(What is needed): All that is needed is an exact copy of the lines from the beginning of the data below through the line containing "为了打造沉浸式的游戏体验,荣", minus the pictures.

== == ==

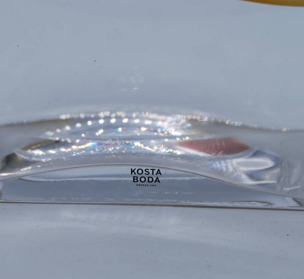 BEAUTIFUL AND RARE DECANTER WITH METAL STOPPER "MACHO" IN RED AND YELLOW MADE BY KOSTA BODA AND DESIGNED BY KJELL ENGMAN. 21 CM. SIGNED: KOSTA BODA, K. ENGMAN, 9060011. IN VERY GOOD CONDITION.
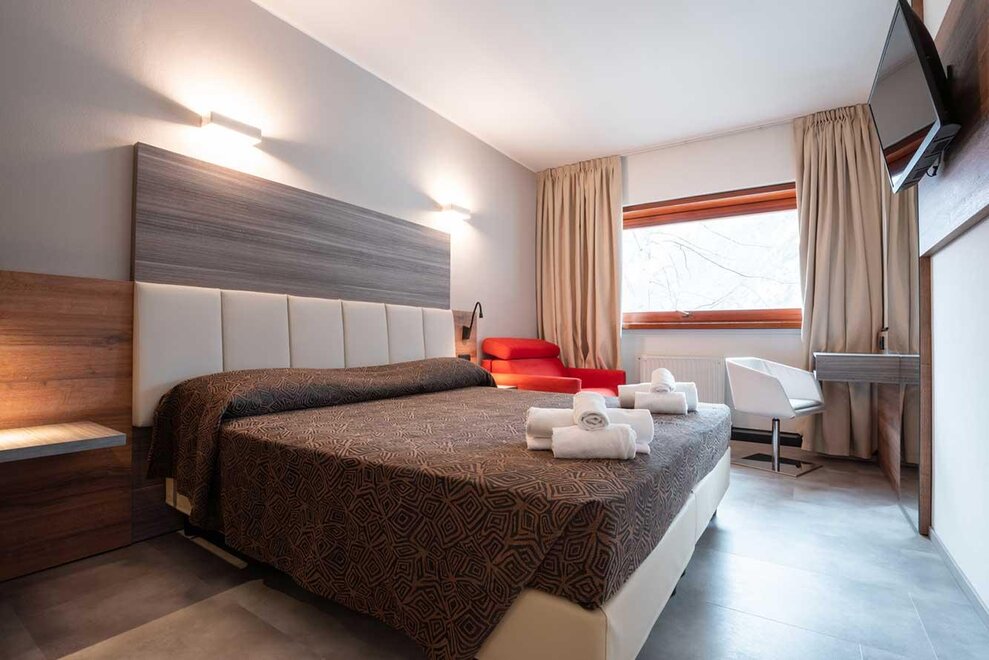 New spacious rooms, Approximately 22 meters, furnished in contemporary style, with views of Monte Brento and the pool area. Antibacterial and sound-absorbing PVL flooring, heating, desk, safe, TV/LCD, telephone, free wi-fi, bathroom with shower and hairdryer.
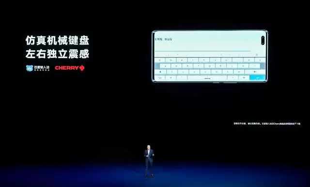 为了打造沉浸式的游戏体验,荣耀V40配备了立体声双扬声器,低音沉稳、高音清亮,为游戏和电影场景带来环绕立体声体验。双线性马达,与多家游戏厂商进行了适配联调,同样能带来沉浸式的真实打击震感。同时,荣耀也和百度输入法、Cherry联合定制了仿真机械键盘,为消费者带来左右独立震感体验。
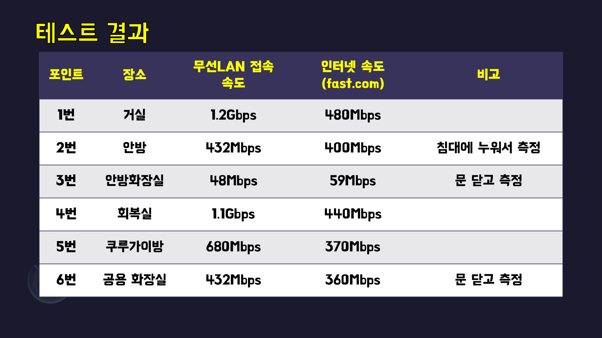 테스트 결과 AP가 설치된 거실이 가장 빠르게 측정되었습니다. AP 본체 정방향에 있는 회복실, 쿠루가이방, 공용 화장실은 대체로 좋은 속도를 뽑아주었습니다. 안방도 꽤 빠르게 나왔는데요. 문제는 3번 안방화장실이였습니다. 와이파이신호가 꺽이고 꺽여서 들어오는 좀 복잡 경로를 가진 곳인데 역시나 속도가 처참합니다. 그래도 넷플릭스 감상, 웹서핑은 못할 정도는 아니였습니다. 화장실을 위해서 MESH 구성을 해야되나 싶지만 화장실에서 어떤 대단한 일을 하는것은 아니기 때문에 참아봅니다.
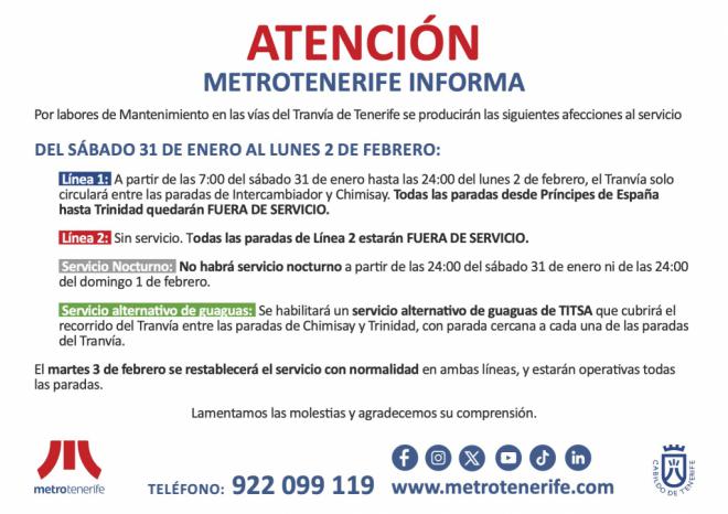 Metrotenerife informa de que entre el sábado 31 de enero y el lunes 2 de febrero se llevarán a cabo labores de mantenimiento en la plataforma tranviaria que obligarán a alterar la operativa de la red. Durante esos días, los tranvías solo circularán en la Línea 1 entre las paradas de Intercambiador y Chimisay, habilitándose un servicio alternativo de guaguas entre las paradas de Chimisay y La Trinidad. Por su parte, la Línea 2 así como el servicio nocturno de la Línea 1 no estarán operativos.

== == ==

(Task output):
 BEAUTIFUL AND RARE DECANTER WITH METAL STOPPER "MACHO" IN RED AND YELLOW MADE BY KOSTA BODA AND DESIGNED BY KJELL ENGMAN. 21 CM. SIGNED: KOSTA BODA, K. ENGMAN, 9060011. IN VERY GOOD CONDITION.
 New spacious rooms, Approximately 22 meters, furnished in contemporary style, with views of Monte Brento and the pool area. Antibacterial and sound-absorbing PVL flooring, heating, desk, safe, TV/LCD, telephone, free wi-fi, bathroom with shower and hairdryer.
 为了打造沉浸式的游戏体验,荣耀V40配备了立体声双扬声器,低音沉稳、高音清亮,为游戏和电影场景带来环绕立体声体验。双线性马达,与多家游戏厂商进行了适配联调,同样能带来沉浸式的真实打击震感。同时,荣耀也和百度输入法、Cherry联合定制了仿真机械键盘,为消费者带来左右独立震感体验。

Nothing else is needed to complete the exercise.